Wild animals, cactuses, pineapples, rich people, poor people, soccer, and the world's tenth-largest economy—that's Brazil. The country is also a leader in the export of high-tech jets, steel, and architectural design. And it's full of smart, computer-savvy people. The gulf between rich and poor is even wider than in the United States, but the socialist regime of President Luiz Inácio Lula Da Silva (affectionately known as Lula, a family name that also means "Squid") is trying to make things better for the most disenfranchised.

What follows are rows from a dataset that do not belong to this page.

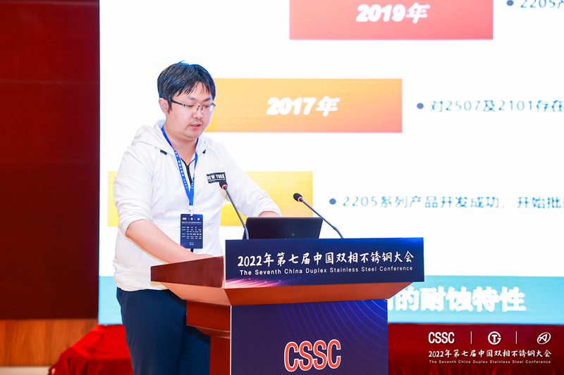 中国宝武中央研究院太钢技术中心武敏博士作报告《超级双相不锈钢S32750中chi相的析出机制研究》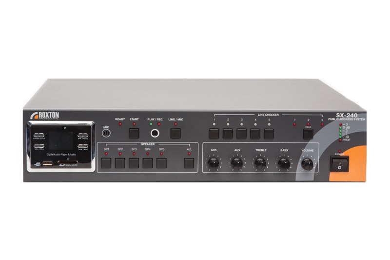 Комбинированная система оповещения ROXTON SX-240 (далее моноблок) представляет собой, совмещающий в себе функции 5-ти зонного музыкального трансляционного усилителя, блока цифровых сообщений, блока автоматического контроля линий.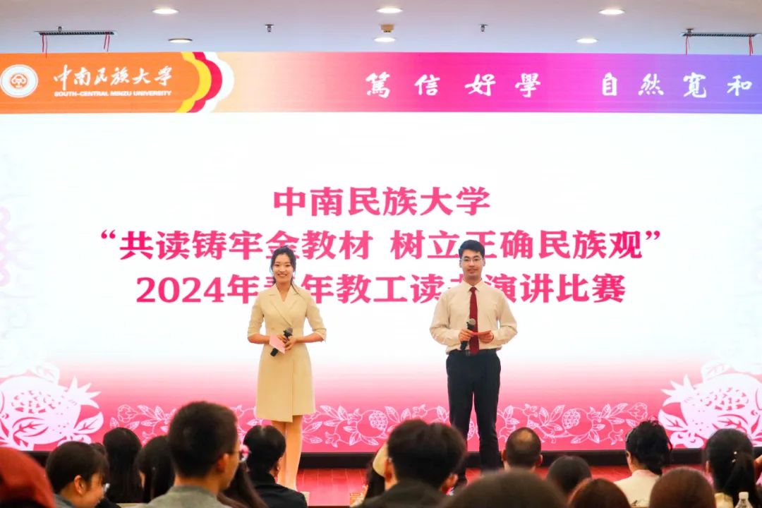 4月11日,“共读铸牢金教材,树立正确民族观”2024年青年教工读书演讲比赛在学术交流中心举行。来自13个单位的15位青年教师围绕《中华民族共同体概论》教材分享心得感悟。湖北省演讲协会副会长陈飞,国家三级导演何苗,校团委、党委教师工作部、工会、中华民族共同体学院、马克思主义学院相关老师担任本次比赛评委。校党委常委、副校长李红燕出席并讲话。

Environmentally, Brazil really is changing. Not so long ago, the Amazon was often considered by those urban coastal dwellers a Green Hell, to be chopped, pulped, trampled by zebu cows, and fought against with every herbicide known to Dow. Much has changed since Chico Mendes was gunned down. Brazil has pretty much outlawed cattle grazing in the rainforests, tried to rein in destructive cyanide-leach gold mining, and started protecting those few indigenous peoples the Portuguese didn't massacre 300 years ago. Now the country gets deservedly high marks as an eco-experimenter, a leader in innovative mass transit, refuse recycling, sustainable agriculture, and other pastimes, the most fascinating (and contradictory) being biofuels. Brazil no longer needs to import any oil, since 90 percent of all new vehicles run on sugarcane ethanol mixed with Brazil's own major deposits of offshore crude tapped by high-tech drilling. Ironically, the greatest new threat to the Amazon is soy—which is increasingly being converted to biofuel. The current price of oil has made it hugely profitable to mow down the Amazon once again, this time to plant soybeans to run cars.

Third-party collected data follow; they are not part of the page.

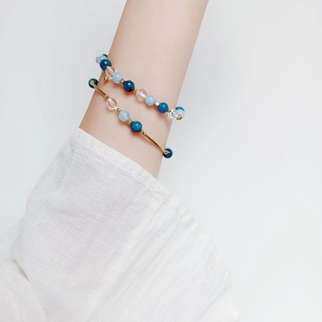 ‖主要材質‖❈金屬:純色無電鍍黃銅❈線材:日本製蠶絲彈力線❈尺寸:照片手環約15cm模特兒實際手圍是13.5cm照片中是較寬鬆的戴法,你也可以選擇貼敷的尺寸唷❈天然石藍磷灰石 6mm海藍寶石 6mm白水晶 6mmhttps://live.staticflickr.com/65535/52143865400_af7ea84976_w.jpghttps://live.staticflickr.com/65535/52143380856_2b6d77a381_w.jpg【加購敲字】客製敲字吊牌/英文大寫字母/不單販售僅能加購/手工敲字更有紀念意義https://www.pinkoi.com/product/Jdjc5nw4‖作品說明‖❈海藍寶的希拉名是-Aquamarine,被作為三月誕生石,象徵沉著與勇敢、幸福和長壽。古代人們發現海藍寶石的顏色如同海水一樣蔚藍,是海水之精華海藍寶石與水的親密聯繫,因此長期以來它都被當做護身符。❈白水晶的白淨透光,給人帶來心靈的平靜,彷彿能淨化負能量、提高專注力、排解焦慮、改善低落情緒,散發出一股潔淨、充滿希望的正能量❈磷灰石,希臘名為Apatite是一種能量石,據說可以增強人們的自我表達能力並帶來令人滿意的關係。不僅使您與家人,戀人和朋友之間的紐帶,而且使您的團隊和組織之間的紐帶更加牢固。★想看其他三條對鏈款式請點擊★【光Hikari】兩條姊妹對鏈/日本蠶絲線/太陽石/黃鐵水晶https://www.pinkoi.com/product/xnMW5FkS【紫幽靈】姊妹/日本蠶絲線/白水晶/俄羅斯草莓晶/巴西紫幽靈https://www.pinkoi.com/product/4pJBrcxf【刻在你心裡】愛情手環/太陽石/粉晶/草莓晶/日本蠶絲線https://www.pinkoi.com/product/rRwdHjDU★想看藍磷灰石作品請點擊★【綠野仙蹤】水晶項鍊/可客製化長度/約會必備/藍磷灰石/柱狀水晶https://www.pinkoi.com/product/4pHZjUv8【綠野仙蹤】氣質手環/藍磷灰石/藍綠色半透水晶/日本製蠶絲線https://www.pinkoi.com/product/BQ7KPMHu‖包裝說明‖https://live.staticflickr.com/65535/52131380874_996207ae72_z.jpg❈送禮包裝❈✓禮盒 ✓拭銀布 ✓品牌小卡 ✓品牌貼紙✓紙絲 ✓保固卡 ✓束口紗袋 ✓亮面緞帶✓厚版夾鏈袋 https://live.staticflickr.com/65535/52131371054_5540db0334_w.jpg❈環保包裝❈✓禮盒 ✓拭銀布 ✓紙絲 ✓保固卡 ✓厚版夾鏈袋 ❤若需要環保包裝,請在購買備註註明,地球感謝您❤https://live.staticflickr.com/65535/52131152773_e6a7b38714_w.jpg‖飾品保養‖❈黃銅❈黃銅氧化不用擔心,滾滾手作選用純色無電鍍的黃銅,與一般電鍍飾品不同,不用怕會掉色。另外,我們包裝內附有「拭銀布」,可以用來保養黃銅喔!1.使用拭銀布、拭銀棒或銅油輕擦黃銅表面2.建議運動時取下,避免接觸汗水,洗澡後將飾品擦乾3.若長時間不配戴則建議放入密封夾內,可減緩與空氣接觸而氧化4.未電鍍純色黃銅,顏色變深為正常氧化現象喔❈水晶/天然礦石❈滾滾手作精心挑選天然水晶與礦石搭配飾品,因水晶為大地孕育的美麗事物,每種水晶與天然礦石的硬度不同,請溫柔對待、小心輕放,避免碰況喔!Pinkoi站內有詳細解說如何幫水晶消磁⤵https://www.pinkoi.com/magz/1_WBqVGZ‖售後服務‖❈免費修改或維修一次❈https://live.staticflickr.com/65535/52045806927_aa9622b27b_c.jpg‖購買須知‖1.此商品為訂製商品,在下單付款完成後開始製作,製作期約7-14個工作天,如需指定到貨日,務必在下單前先訊息聯絡溝通2.商品可能因光線、螢幕色彩、個人因素而略有差異,每顆天然石或琉璃有形狀、大小、紋理上的不同,非屬商品瑕疵。若期待與照片完全相同,建議到市集實際選購喔‖想聯絡更多‖️Facebook:滾滾手作️Instagram:roll.roll2019實體:來市集現場試戴、感受飾品溫度‖產地/製造方式‖MADE IN TAIWAN/HANDMADE❈滾滾手作❈ 設計師有特殊教育與心理諮商背景,相信一件飾品不只是飾品,更是傳遞溫暖和心願的橋樑
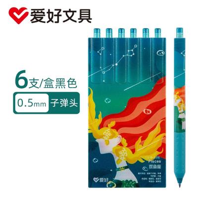 爱好(AIHAO) 0.5mm 子弹头办公用品黑色签字笔水笔考试笔星座按动中性笔 双鱼座 GP2800-6支装
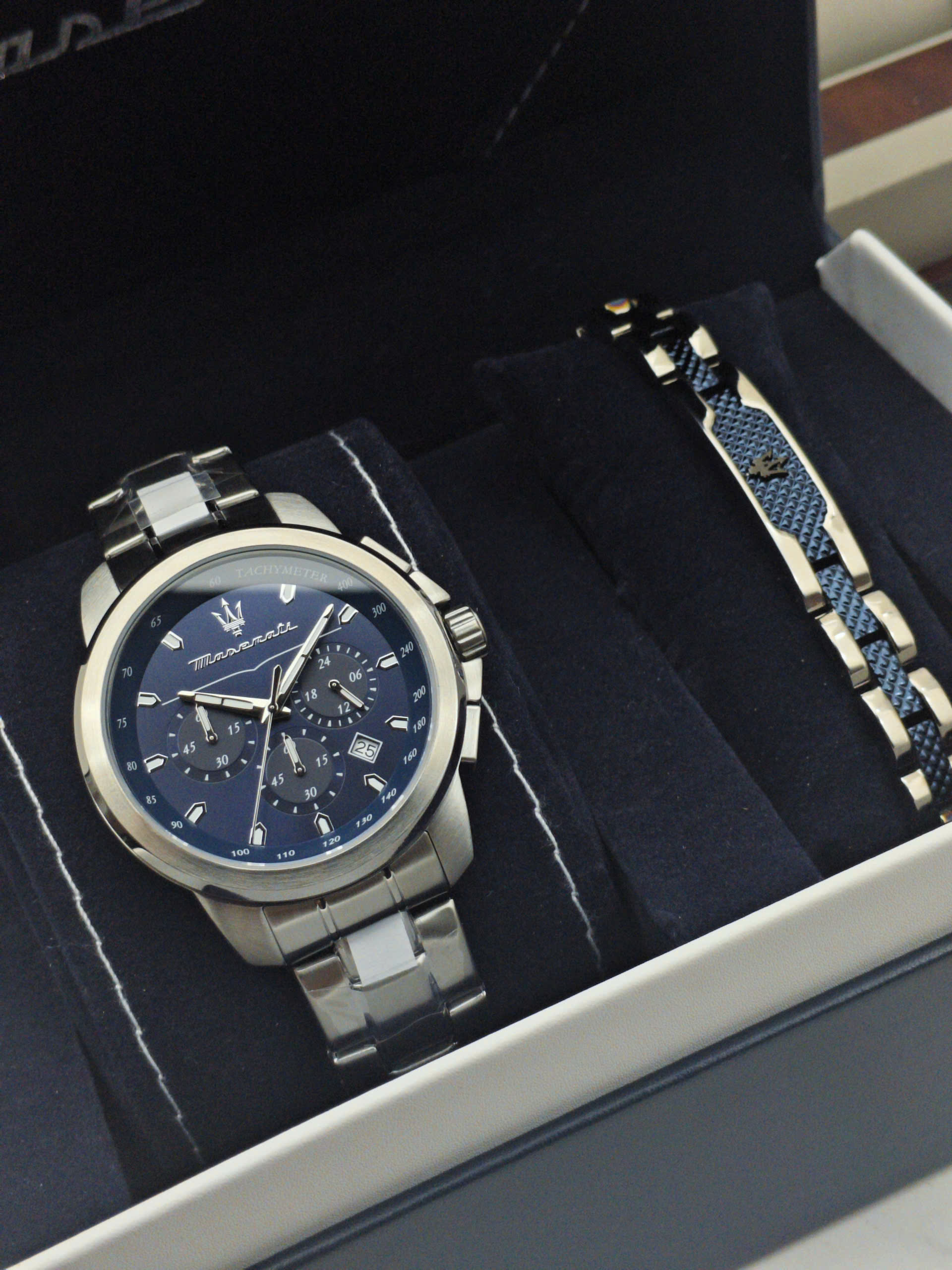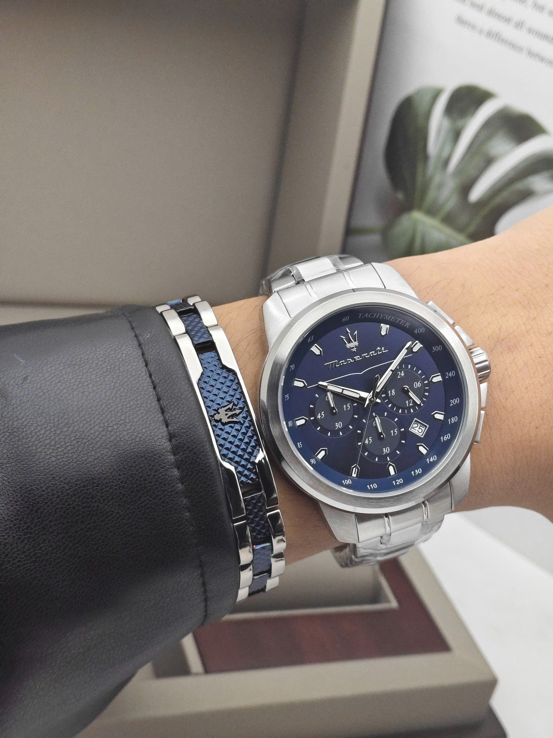 Đặc biệt bộ sản phẩm này đi theo Set gồm 1 đồng hồ Maserati Successo R8851121016 và 1 chiếc vòng tay.

Some come to Brazil to research biofuels, and many hope to see a capybara, sure, but what most recently upped the temperature of the country's already quente zeitgeist was the arrival of the Brazilian model. Brazil exports healthy six-footers (men and women) the way China exports Christmas-tree ornaments. It didn't hurt that Gisele Bündchen (Leonardo DiCaprio's ex) was declared the most beautiful girl in the world by Rolling Stone in 2000, or that Daniela Cicarelli (ex of Ronaldo—did I mention the country's pretty good at soccer, too?) did a languid stand-up "samba" in the surf with her banker boyfriend that was rumored to have nearly crashed the Internet in Brazil, so popular was the pirated paparazzi tape. But what's truly Brazilian about this whole thing is that Cicarelli is a triathlete, not some London cocaine waif, just as Bündchen dreamed of a professional volleyball career before the runway beckoned. In Brazil, spiking is as important as strutting.